> _Given information_:
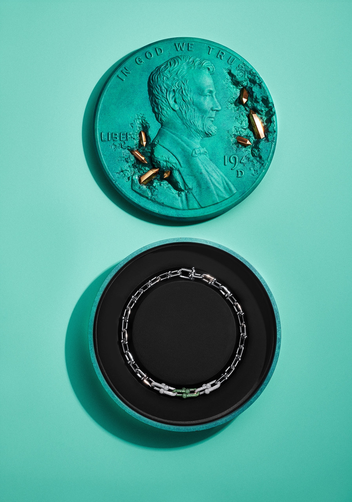 Exkluzivní náhrdelník Tiffany & Arsham Studio HardWear, který najdete uvnitř nádoby, je moderní interpretací ikonického designu Tiffany & Co.® z archivu Tiffany z roku 1971. Stejně jako New York, město, kde se zrodila, ztělesňuje kolekce HardWear trvalou odhodlanost a schopnost udržet si svobodu. Zářivě zelené tsavority, drahokamy, které společnost Tiffany & Co. objevila a představila světu v roce 1974, vzdávají hold jak charakteristické barvě studia Arsham, tak bohaté patině bronzové sochy.
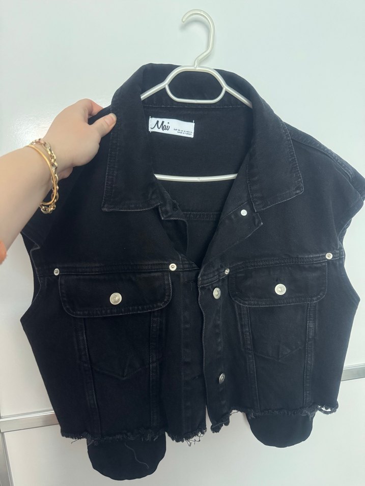 Siyah kolsuz denim ceket, düğmeli ve notched yaka detayına sahiptir. Rahat kesimi ve mini boyuyla günlük kullanıma uygun markasi MAİ
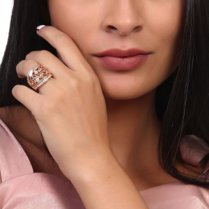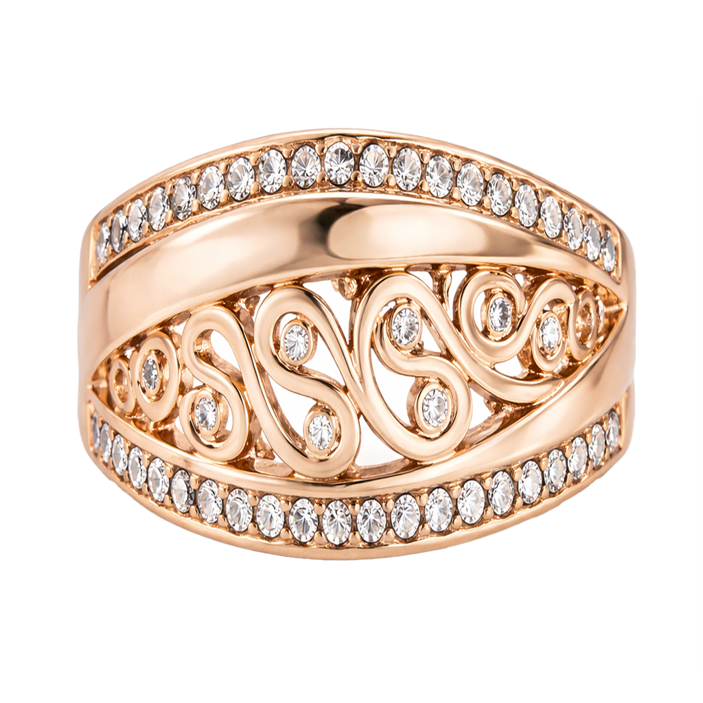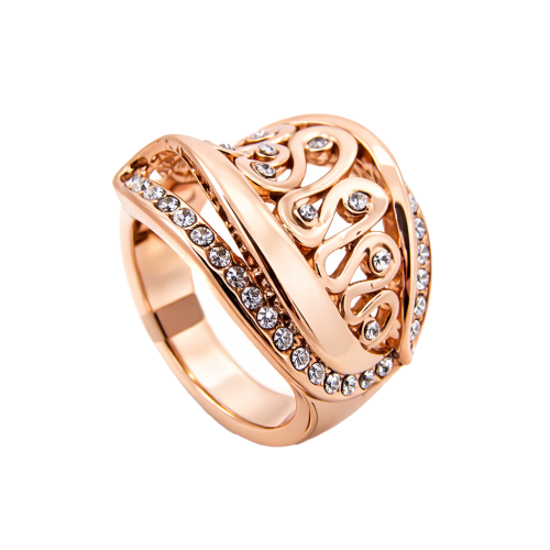 Original y elegante anillo, en baño de oro rosa de 18 quilates, diseño de curvas, con incrustaciones de cristales blancos. Fabricado en una estructura de aleación de platino con rodio sin níquel.

> _About this exercise_: Extract every line of the data exactly; pictures stay out.

> _Solution to this problem_:
 Exkluzivní náhrdelník Tiffany & Arsham Studio HardWear, který najdete uvnitř nádoby, je moderní interpretací ikonického designu Tiffany & Co.® z archivu Tiffany z roku 1971. Stejně jako New York, město, kde se zrodila, ztělesňuje kolekce HardWear trvalou odhodlanost a schopnost udržet si svobodu. Zářivě zelené tsavority, drahokamy, které společnost Tiffany & Co. objevila a představila světu v roce 1974, vzdávají hold jak charakteristické barvě studia Arsham, tak bohaté patině bronzové sochy.
 Siyah kolsuz denim ceket, düğmeli ve notched yaka detayına sahiptir. Rahat kesimi ve mini boyuyla günlük kullanıma uygun markasi MAİ
 Original y elegante anillo, en baño de oro rosa de 18 quilates, diseño de curvas, con incrustaciones de cristales blancos. Fabricado en una estructura de aleación de platino con rodio sin níquel.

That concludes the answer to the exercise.